BERLIN • When 15-year-old Linda Wenzel started to wear long- sleeved clothes early last year, it quickly struck her classmates and teachers in the sleepy eastern German town of Pulsnitz as odd. Her conversion to Islam was noticed almost immediately in a part of Germany where only 0.5 per cent of the population is Muslim and where the backlash against Chancellor Angela Merkel's pro-refugee policy had been stronger than almost anywhere else in the country.
Linda's school soon reached out to her mother and stepfather about the subtle changes, German prosecutors said. But when the teenager told her parents one day last July that she would sleep at a friend's place over the weekend, they later said, they did not suspect anything unusual.
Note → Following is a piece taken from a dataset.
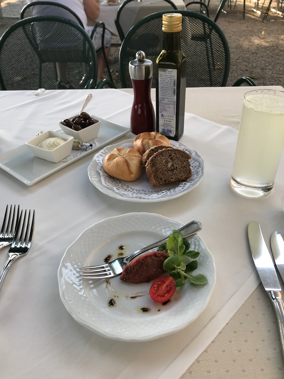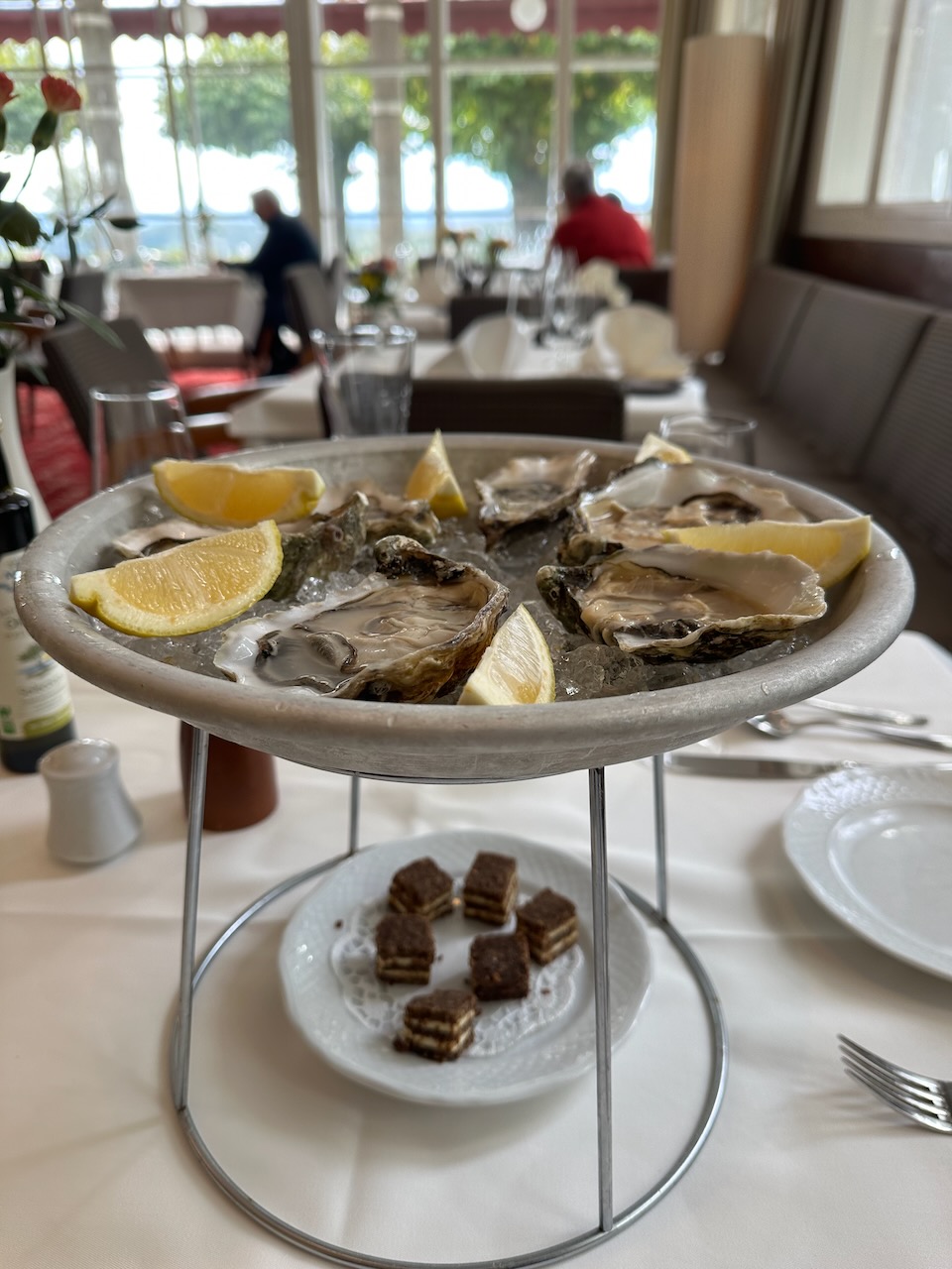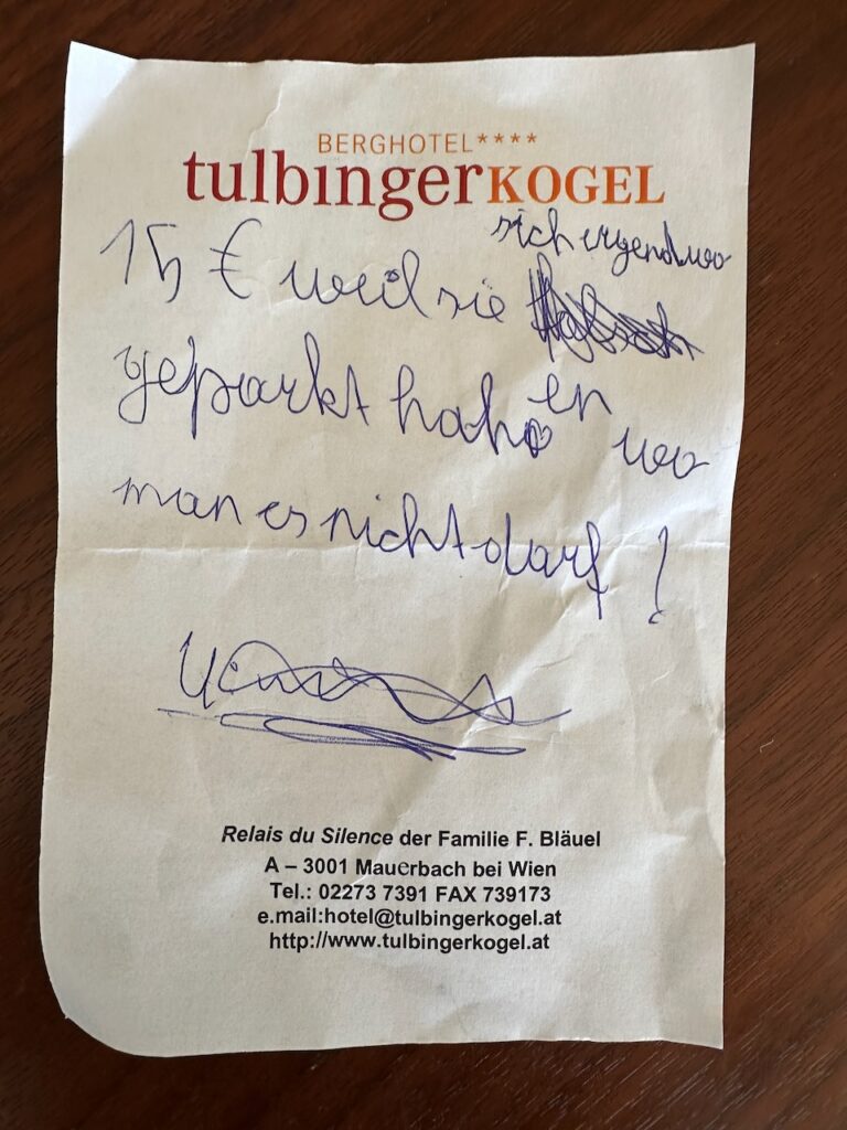 Als wir zurückgekommen sind, habe ich kurz direkt vor dem Haupteingang geparkt – und prompt ein „Strafmandat“ bekommen. Die Familie Bläuel feierte den Geburtstag eines ihrer Jüngsten und die Kindern haben sich den Spaß gemacht, mir einen handgeschriebenen Zettel an die Scheibe zu stecken: „15 Euro, weil sie geparkt haben, wo man es nicht darf.“ Die jungen Polizisten und ich haben uns dann auf fünf Euro geeinigt, weil ich zu meiner Verteidigung vorbringen konnte, dass ich nur den Koffer aufs Zimmer gebracht habe. Und selbst diese fünf Euro hat ihr Vater – der CHEF des Hauses – liebevoll „refundiert“ und uns statt 6 eben 7 seiner wunderbaren Austern servieren lassen.

By that time, Linda had decided to join the Islamic State in Iraq and Syria (ISIS), investigators believe. They said that after chatting online with members of the extremist group, she left home and travelled to ISIS territory, where she is believed to have remained for at least 12 months. The case prompted criticism of the German authorities, with many questioning why she had not been stopped from travelling abroad despite having shown signs of possible radicalisation.
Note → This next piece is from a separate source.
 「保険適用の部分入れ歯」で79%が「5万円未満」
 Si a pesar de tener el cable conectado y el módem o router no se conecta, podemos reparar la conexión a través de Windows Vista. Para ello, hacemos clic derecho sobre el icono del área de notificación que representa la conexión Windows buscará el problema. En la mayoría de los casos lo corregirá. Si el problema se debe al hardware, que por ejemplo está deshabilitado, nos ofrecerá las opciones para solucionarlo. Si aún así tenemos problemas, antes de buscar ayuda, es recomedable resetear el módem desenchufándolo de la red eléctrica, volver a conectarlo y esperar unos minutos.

Over a year later, Linda has been arrested by the Iraqi authorities, although the exact circumstances of the operation that led to her being taken into custody remain unclear. German officials have spoken to the teen, now 16, at an Iraqi military site where United States doctors are treating her for injuries, according to German TV network ARD.
But Germany has not officially requested an extradition, indicating she could face charges both in Iraq and in Germany. If sentenced in Iraq, Linda could face the death penalty, although German intelligence officials are reportedly in talks with their Iraqi counterparts over her return to Europe.
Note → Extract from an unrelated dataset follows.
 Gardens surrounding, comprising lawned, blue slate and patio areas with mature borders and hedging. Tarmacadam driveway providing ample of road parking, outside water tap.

Speaking to ARD, Linda said that she hoped for a quick return to Germany and that she regretted her decision to join ISIS. "I want to go home to my family," she said.
TARGETING THE YOUNG
ISIL has turned terrorist recruitment and radicalisation effectively into a mass product mostly on young adults aged between 17 and 23 for the simple reason that they are unlikely to be government spies.
MR DANIEL KOEHLER, director of the German Institute on Radicalisation and De-Radicalisation Studies, on underage terrorists. ISIL is another name for ISIS.
As officials are deliberating how to transfer her back to Germany, prevention specialists and researchers wonder why she left Europe in the first place. Her case has renewed the spotlight on ISIS' continued ability to attract boys and girls across Europe to its cause, even as the overall number of adult recruits has dropped.
Underage terrorists have been a particular concern in Germany, where multiple plots by minors were foiled last year alone. In February last year, a 15-year-old girl stabbed a police officer in an attack allegedly inspired by ISIS. Last July, a 17-year-old Afghan refugee attacked passengers on a train in Bavaria after pledging allegiance to ISIS. And in December, a 12-year-old boy with Iraqi parents was caught planning a nail-bomb attack targeting a German Christmas market.
"ISIL has turned terrorist recruitment and radicalisation effectively into a mass product mostly on young adults aged between 17 and 23 for the simple reason that they are unlikely to be government spies," said Mr Daniel Koehler, director of the German Institute on Radicalisation and De-Radicalisation Studies. ISIL is another name for ISIS.